WHAT IS BEING ASKED:
When copying the data below, keep only the lines from the one with "3.5 Rebel Set" through the one with "Up for your", word for word, and skip the pictures.

RECORDS:
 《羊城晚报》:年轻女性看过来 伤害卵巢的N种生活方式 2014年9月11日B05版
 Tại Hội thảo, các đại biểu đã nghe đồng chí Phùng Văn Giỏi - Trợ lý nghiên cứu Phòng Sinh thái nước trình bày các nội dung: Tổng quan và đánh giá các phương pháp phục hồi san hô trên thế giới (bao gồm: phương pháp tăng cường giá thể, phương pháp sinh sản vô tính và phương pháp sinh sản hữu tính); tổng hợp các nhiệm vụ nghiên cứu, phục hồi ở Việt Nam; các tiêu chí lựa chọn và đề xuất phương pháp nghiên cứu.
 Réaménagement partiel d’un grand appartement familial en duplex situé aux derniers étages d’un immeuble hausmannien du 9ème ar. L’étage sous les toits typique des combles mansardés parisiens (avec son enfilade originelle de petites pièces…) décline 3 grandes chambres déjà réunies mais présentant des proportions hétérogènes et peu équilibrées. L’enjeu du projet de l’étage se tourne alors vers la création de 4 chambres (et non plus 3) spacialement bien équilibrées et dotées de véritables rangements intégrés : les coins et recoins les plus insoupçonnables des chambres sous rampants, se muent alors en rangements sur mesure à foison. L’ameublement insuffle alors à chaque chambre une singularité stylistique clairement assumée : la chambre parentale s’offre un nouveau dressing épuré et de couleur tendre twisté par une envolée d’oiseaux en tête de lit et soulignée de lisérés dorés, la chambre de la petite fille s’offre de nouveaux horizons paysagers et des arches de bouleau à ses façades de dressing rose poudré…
...
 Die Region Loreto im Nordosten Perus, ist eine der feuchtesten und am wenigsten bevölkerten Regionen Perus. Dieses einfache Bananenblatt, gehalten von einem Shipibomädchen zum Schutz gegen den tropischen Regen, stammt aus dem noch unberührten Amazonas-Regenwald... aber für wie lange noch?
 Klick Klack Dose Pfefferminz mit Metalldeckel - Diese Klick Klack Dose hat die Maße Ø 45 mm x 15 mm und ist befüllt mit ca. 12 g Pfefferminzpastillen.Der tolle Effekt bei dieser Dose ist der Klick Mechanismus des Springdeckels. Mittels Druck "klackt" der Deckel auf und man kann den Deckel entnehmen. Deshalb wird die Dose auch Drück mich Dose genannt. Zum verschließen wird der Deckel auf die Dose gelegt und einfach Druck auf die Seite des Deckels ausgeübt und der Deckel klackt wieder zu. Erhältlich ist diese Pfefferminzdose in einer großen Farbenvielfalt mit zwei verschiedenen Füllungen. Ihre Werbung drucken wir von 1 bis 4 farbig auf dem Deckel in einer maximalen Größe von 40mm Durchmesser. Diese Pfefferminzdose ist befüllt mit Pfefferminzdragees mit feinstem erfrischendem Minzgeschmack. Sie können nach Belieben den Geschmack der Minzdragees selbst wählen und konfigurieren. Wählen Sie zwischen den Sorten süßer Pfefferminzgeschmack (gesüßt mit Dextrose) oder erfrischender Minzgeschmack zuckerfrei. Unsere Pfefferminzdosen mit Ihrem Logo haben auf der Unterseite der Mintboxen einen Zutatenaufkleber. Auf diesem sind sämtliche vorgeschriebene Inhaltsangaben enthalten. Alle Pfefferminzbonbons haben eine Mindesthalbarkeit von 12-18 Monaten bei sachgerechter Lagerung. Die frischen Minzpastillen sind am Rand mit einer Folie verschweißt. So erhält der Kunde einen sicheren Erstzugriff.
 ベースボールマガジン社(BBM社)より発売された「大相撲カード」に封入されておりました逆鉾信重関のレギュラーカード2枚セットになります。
---
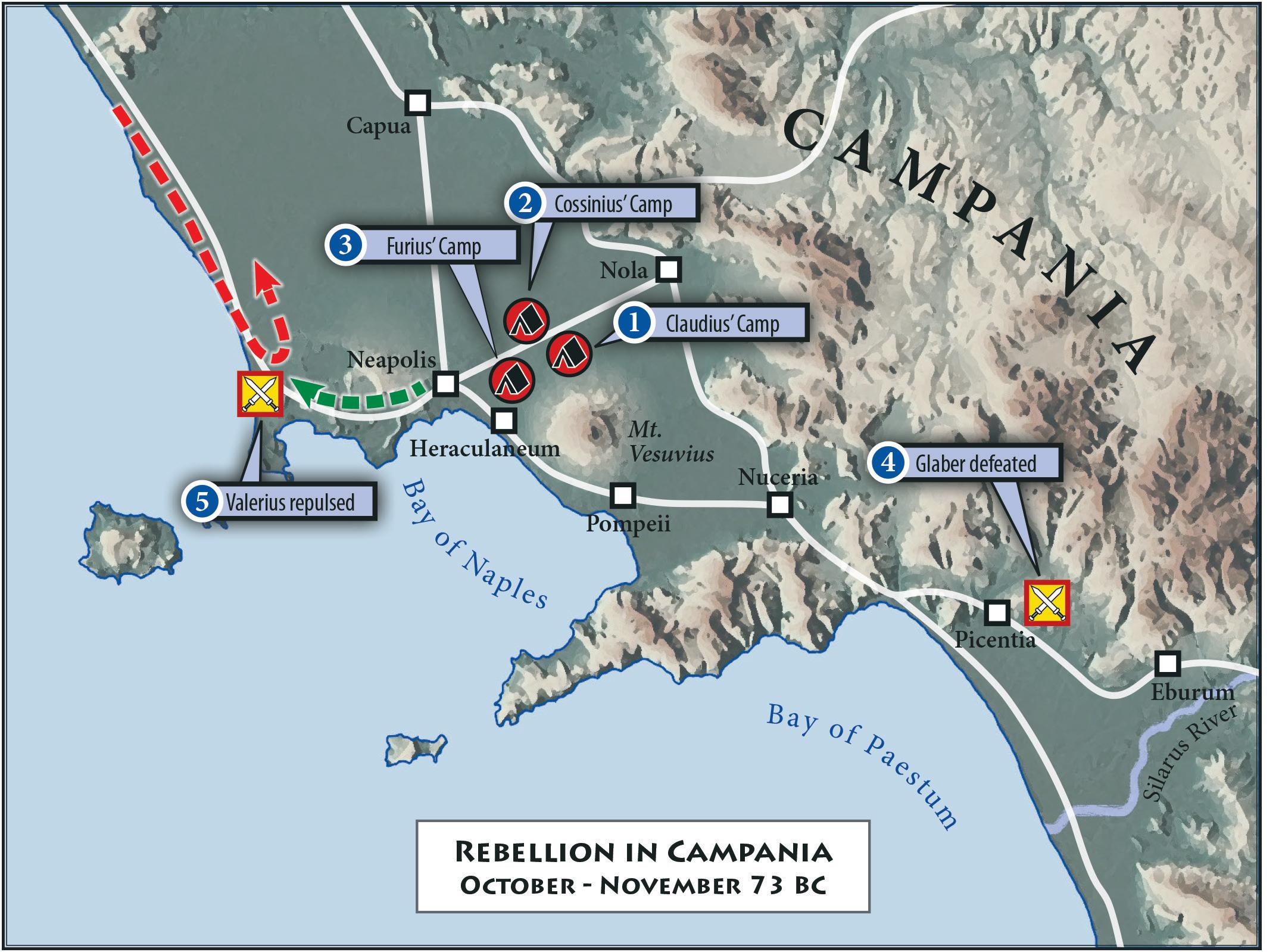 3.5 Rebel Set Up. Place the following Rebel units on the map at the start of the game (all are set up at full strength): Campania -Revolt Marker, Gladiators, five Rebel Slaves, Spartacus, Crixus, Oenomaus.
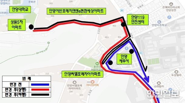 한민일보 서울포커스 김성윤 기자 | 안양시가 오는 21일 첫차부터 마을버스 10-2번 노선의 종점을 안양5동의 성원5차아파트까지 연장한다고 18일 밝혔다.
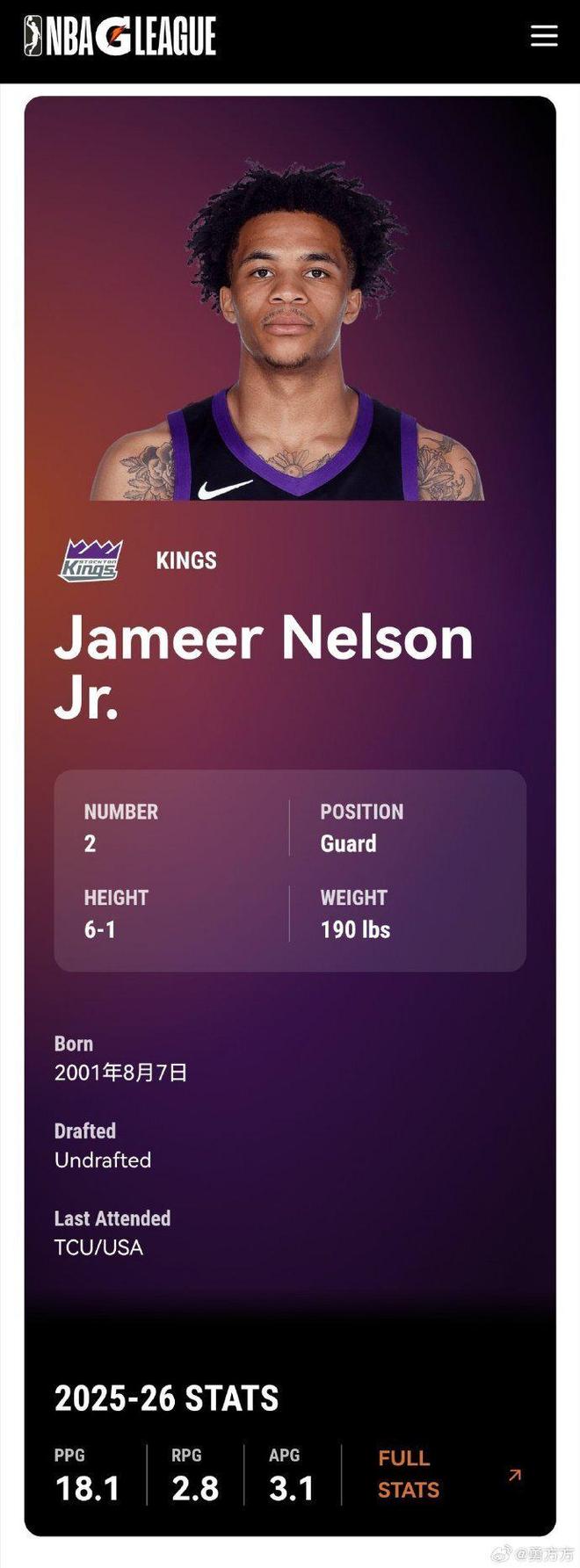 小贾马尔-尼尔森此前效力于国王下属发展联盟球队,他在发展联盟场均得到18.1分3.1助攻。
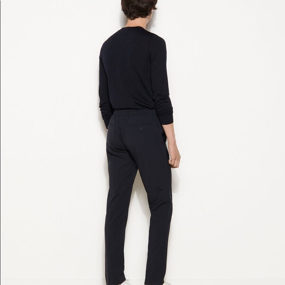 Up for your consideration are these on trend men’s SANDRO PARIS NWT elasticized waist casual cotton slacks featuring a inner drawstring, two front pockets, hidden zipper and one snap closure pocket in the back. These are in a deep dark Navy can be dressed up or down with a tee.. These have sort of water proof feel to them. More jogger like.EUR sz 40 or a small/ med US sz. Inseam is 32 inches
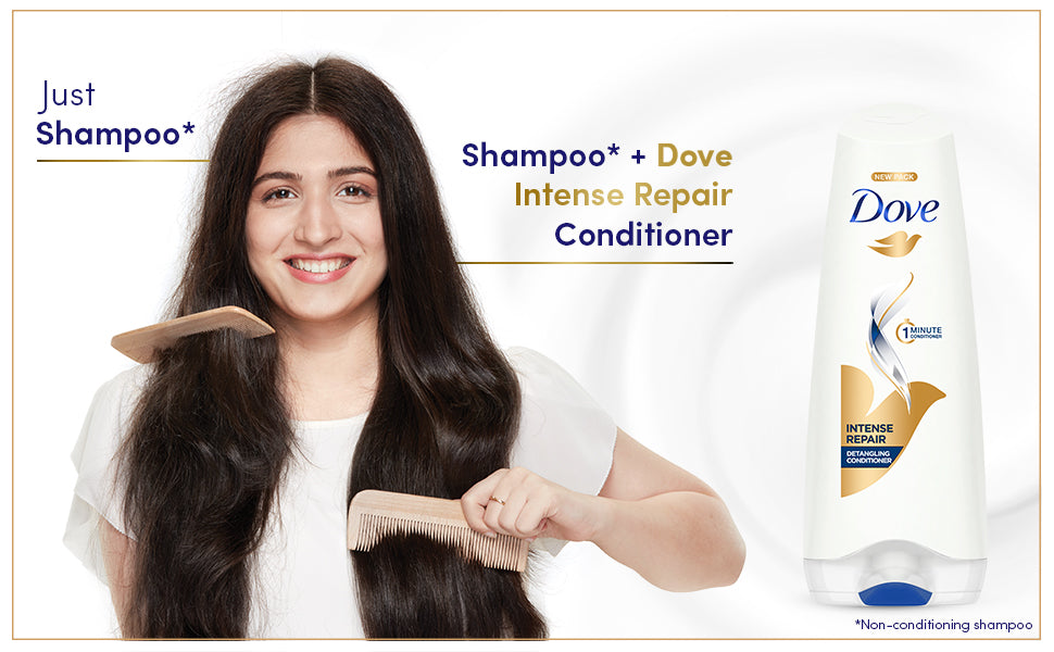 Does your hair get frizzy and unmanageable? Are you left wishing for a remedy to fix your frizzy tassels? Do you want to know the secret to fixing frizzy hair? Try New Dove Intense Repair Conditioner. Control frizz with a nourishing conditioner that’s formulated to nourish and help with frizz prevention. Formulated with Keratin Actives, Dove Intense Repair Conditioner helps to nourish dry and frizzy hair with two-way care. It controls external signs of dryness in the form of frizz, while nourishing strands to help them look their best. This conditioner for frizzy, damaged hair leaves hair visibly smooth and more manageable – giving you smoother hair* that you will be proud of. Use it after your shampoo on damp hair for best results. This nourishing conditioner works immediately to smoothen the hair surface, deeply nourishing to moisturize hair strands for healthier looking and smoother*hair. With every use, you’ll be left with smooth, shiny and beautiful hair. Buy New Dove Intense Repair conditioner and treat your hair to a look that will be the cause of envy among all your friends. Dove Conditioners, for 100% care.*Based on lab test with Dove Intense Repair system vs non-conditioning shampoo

OUTPUT BELOW:
 3.5 Rebel Set Up. Place the following Rebel units on the map at the start of the game (all are set up at full strength): Campania -Revolt Marker, Gladiators, five Rebel Slaves, Spartacus, Crixus, Oenomaus.
 한민일보 서울포커스 김성윤 기자 | 안양시가 오는 21일 첫차부터 마을버스 10-2번 노선의 종점을 안양5동의 성원5차아파트까지 연장한다고 18일 밝혔다.
 小贾马尔-尼尔森此前效力于国王下属发展联盟球队,他在发展联盟场均得到18.1分3.1助攻。
 Up for your consideration are these on trend men’s SANDRO PARIS NWT elasticized waist casual cotton slacks featuring a inner drawstring, two front pockets, hidden zipper and one snap closure pocket in the back. These are in a deep dark Navy can be dressed up or down with a tee.. These have sort of water proof feel to them. More jogger like.EUR sz 40 or a small/ med US sz. Inseam is 32 inches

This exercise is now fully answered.